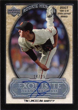 | 07 UD Exquisite Rookie Signatures Rookie Heroes Autographs #TL3 Tim Lincecum /25 |
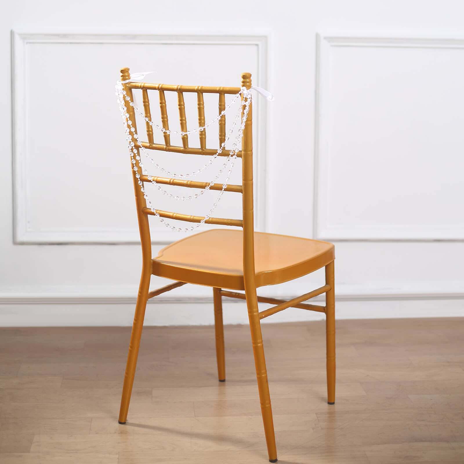 Faux Pearl Beaded 16" Chair Back Garland Sash Clear Gatsby-Inspired Style - Pre-Tied Chic Wedding Decor for Chiavari Chairs
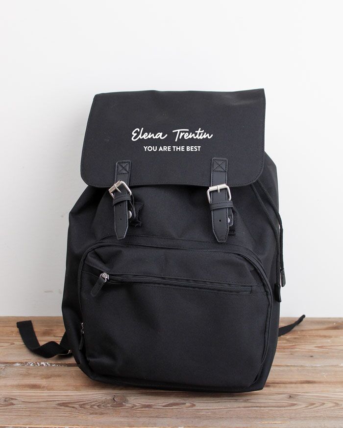Grazioso zaino in stile vintage con nome personalizzabile e frase, è l’ideale per avere un tocco di classe senza rinunciare alla comodità. Perfetto per dare un tocco vintage e ricercato al vostro outfit, vi accompagnerà durante le vostre trasferte quotidiane! Che si tratti di recarsi a scuola, in ufficio o all’università questo zaino capiente e maneggevole sarà perfetto per contenere tutto il necessario tra cui astucci, quaderni e computer grazie al comodo scomparto imbottito.

> Work request:
When you write out the material, keep every line exact and leave out each picture.

> Output for this exercise:
 | 07 UD Exquisite Rookie Signatures Rookie Heroes Autographs #TL3 Tim Lincecum /25 |
 Faux Pearl Beaded 16" Chair Back Garland Sash Clear Gatsby-Inspired Style - Pre-Tied Chic Wedding Decor for Chiavari Chairs
Grazioso zaino in stile vintage con nome personalizzabile e frase, è l’ideale per avere un tocco di classe senza rinunciare alla comodità. Perfetto per dare un tocco vintage e ricercato al vostro outfit, vi accompagnerà durante le vostre trasferte quotidiane! Che si tratti di recarsi a scuola, in ufficio o all’università questo zaino capiente e maneggevole sarà perfetto per contenere tutto il necessario tra cui astucci, quaderni e computer grazie al comodo scomparto imbottito.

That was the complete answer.